The complete cloud package

What with all the cloud acronyms doing the rounds (SaaS, DaaS, PaaS) it is perhaps easiest to understand how Infrastructure as a Service differs to other cloud services. With IaaS, customers generally receive virtualised hardware components from which they can create their own cloud platforms and applications. This focus on hardware differentiates it from other forms of cloud computing, such as Platform as a Service or Software as a Service, where businesses generally maintain and configure their own computer hardware or infrastructure. Hardware can be prohibitively expensive for many firms, particularly those without large IT budgets, and so it is not surprising that Infrastructure as a Service is proving one of the most popular branches of cloud computing. In fact, according to a recent study by IDC, IaaS is forecast to be the fastest growing area of cloud computing between 2014 and 2018.

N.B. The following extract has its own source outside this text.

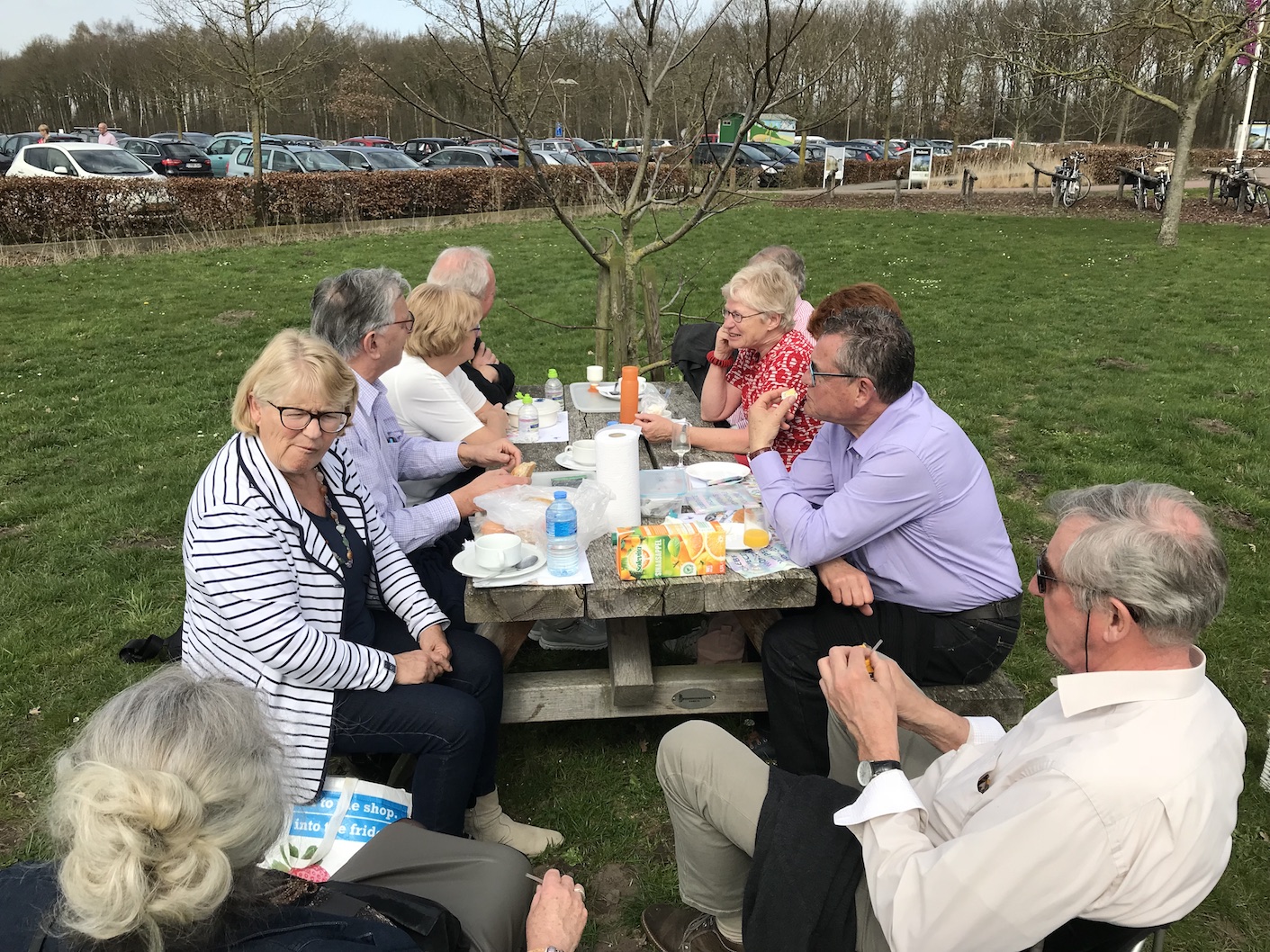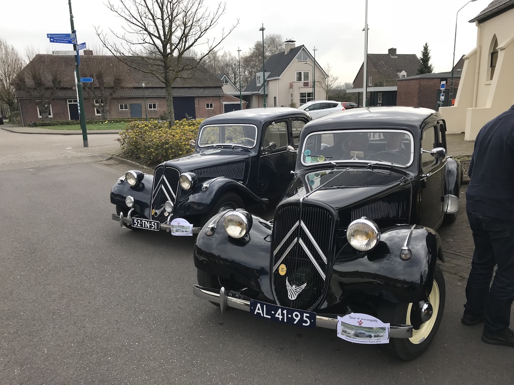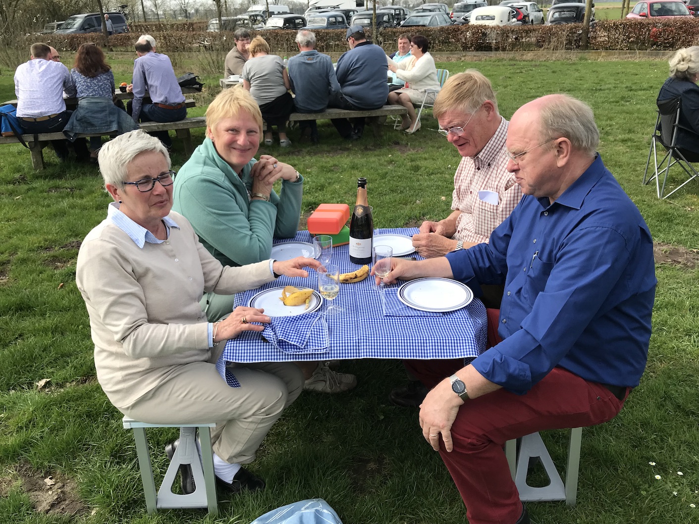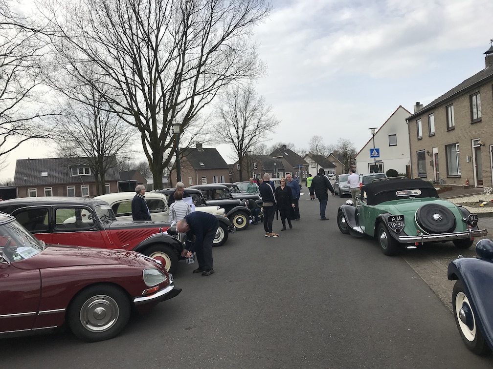 De rit was ook grensverleggend, dat wil zeggen we reden afwisselend door de Nederlandse en Belgische Kempen. Hier en daar kwamen we nog van die oude grenspalen tegen. Het was een prima route, over mooie weggetjes. Op zondagmorgen koersen er veel wielerpelotons in de Kempen, en gingen we af en toe aan de kant voor deze tricotmannen. Dit keer moesten we goed op de kilometerstand letten. Het was hier en daar een beetje puzzelen, maar gelukkig kwamen we met een stralend zonnetje allemaal aan op de picknickplaats. Daar werden we door onze verkeersbegeleiders ontvangen en geparkeerd. Snel werden de picknickmandjes uitgestald, en kon je links uitgebreid de champagne kurken horen ploppen, terwijl rechts het lunchmenu bestond uit bruine bammetjes uit een zakje. Ik vond wel mooi hoe een jochie van een jaar of 5 ons vol bewondering aansprak - “meneer wat voor auto’s zijn dit? Zijn het Citroëns?” Hij bleek het al gezien te hebben aan de strepen in de grille.

As with other cloud solutions, businesses that adopt IaaS allow a third-party vendor to deliver their IT resources, shifting the complexities and expense to the cloud supplier. Businesses can then utilise their IaaS as they see fit. Common uses for Infrastructure as a Service include delivering applications, storing data, hosting websites on virtual servers, or creating a virtual data centre. The exact nature of an organisation’s IaaS offering will vary based on the supplier and business needs.

Advantages of IaaS

There are a wide range of reasons why businesses are increasingly adopting Infrastructure as a Service.

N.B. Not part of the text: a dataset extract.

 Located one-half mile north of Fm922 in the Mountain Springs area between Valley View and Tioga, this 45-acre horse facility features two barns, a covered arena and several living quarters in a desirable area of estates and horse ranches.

  • Cost – IaaS, like other cloud computing packages, works via a subscription payment model. This enables businesses to avoid large up-front costs in favour of monthly or annual payments. Particularly when it comes to IaaS, this can mean saving significant sums of money on hardware expenditure. Of course, businesses should still be careful before signing a cloud contract, making sure that are no hidden costs and assessing how flexible the partnership will be. Also, because the costs of Infrastructure as a Service continue to build over time, it may not work out cheaper in the long run.
  • Scalability – If businesses choose to purchase their own IT infrastructure they must carefully assess how much their business is likely to grow before the hardware will need to be updated. What’s more, even if businesses do ensure that their resources are capable of handling business growth, it means that their hardware will remain underutilised in the meantime. With IaaS, scaling up or down operations is a much simpler process. Should an organisation wish to purchase more computer power or server space, their cloud vendor can supply it as and when needed.
  • Mobility – Because IT resources are accessed via an Internet connection, with IaaS businesses and their employees can be truly mobile. Accessing work resources while on the move is easy, simply requiring online access and the user’s login credentials. The modern world of work demands greater flexibility than ever before and adopting IaaS can help organisations become geographically independent.
  • Reliability – Infrastructure as a Service often provides greater reliability than on-premise IT because of the way in which cloud providers can spread resources across multiple servers and, in fact, data centres. This means that if a particular hardware component fails, or even if an entire data centre goes offline, an organisation’s infrastructure should not be affected.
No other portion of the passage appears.